By the 1930s, the series of separate tracks had started to coalesce into the route it follows today, and was already being referred to as "the Duke's Highway" – after the Duke of York, later King George VI – but at the time the name had never been officially recognised. There was a push to name the road Tolmer Highway, after former police commissioner Alexander Tolmer of gold escort fame, but this never eventuated.

In the latter half of the 20th century, the western end of Dukes Highway was realigned to meet the Mallee Highway closer to Tailem Bend. It previously ran north from Coomandook on the alignment that is now known as the Old Dukes Highway to Moorlands.

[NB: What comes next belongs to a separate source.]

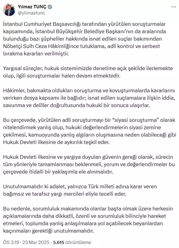 İstanbul Büyükşehir Belediye Başkanı Ekrem İmamoğlu’nun da tutuklandığı yolsuzluk soruşturmasına dair resmi açıklama, Adalet Bakanı Yılmaz Tunç’tan geldi. Bakan Tunç, devam eden soruşturmalara ilişkin kamuoyunda oluşan değerlendirmelere karşı uyarıda bulundu.
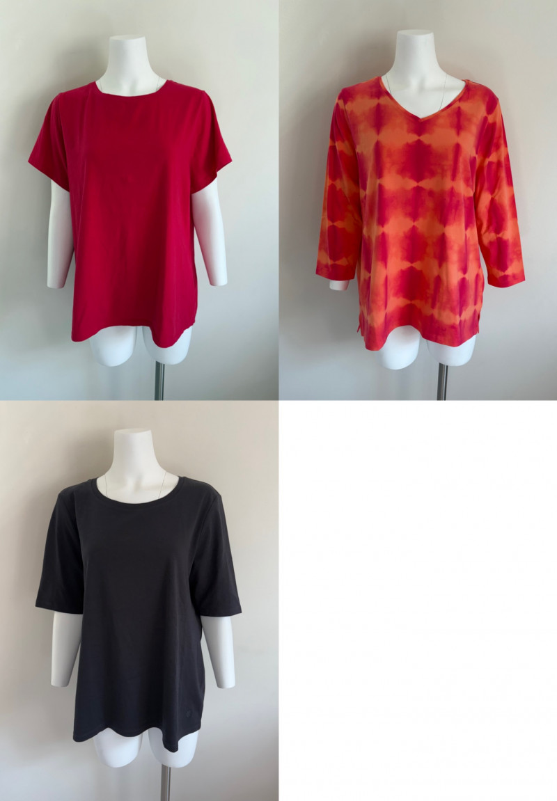 Three knit shirts from Isaac Mizrahi & Massimo. Black scoop neck short sleeve shirt from Mizrahi has ribbed collar and straight cut - knit is heavier than your average t-shirt. In excellent condition with no fading. 100% cotton. Measures 22" pit to pit and 25.5" from back collar to back bottom hemline. Size tag says XL. Tie-dye V-neck shirt from Mizrahi has ribbed collar, 3/4 sleeves, and split hem - knit is heavier than your average t-shirt. In excellent condition with no fading. 100% cotton. Measures 22.5" pit to pit and 26.5" from back collar to back bottom hemline. Size tag says L. Red t-shirt from Massimo has curved neckline and very short sleeves. In excellent condition. 95% cotton with 5% spandex. Measures 23" pit to pit and 26" from back neckline to back hemline. Size tag says16W/18W.

The final 17 km of the highway after Bordertown, was originally built on unstable ground, and was re-constructed in 2005.

== Safety ==
Dukes Highway is South Australia's deadliest major road, with 28 deaths in the 5 years to 2009. This has led to calls for road improvements to separate traffic in each direction with a dual carriageway. Point-to-point speed cameras have been installed on one section of the highway to identify drivers who flout the speed limit.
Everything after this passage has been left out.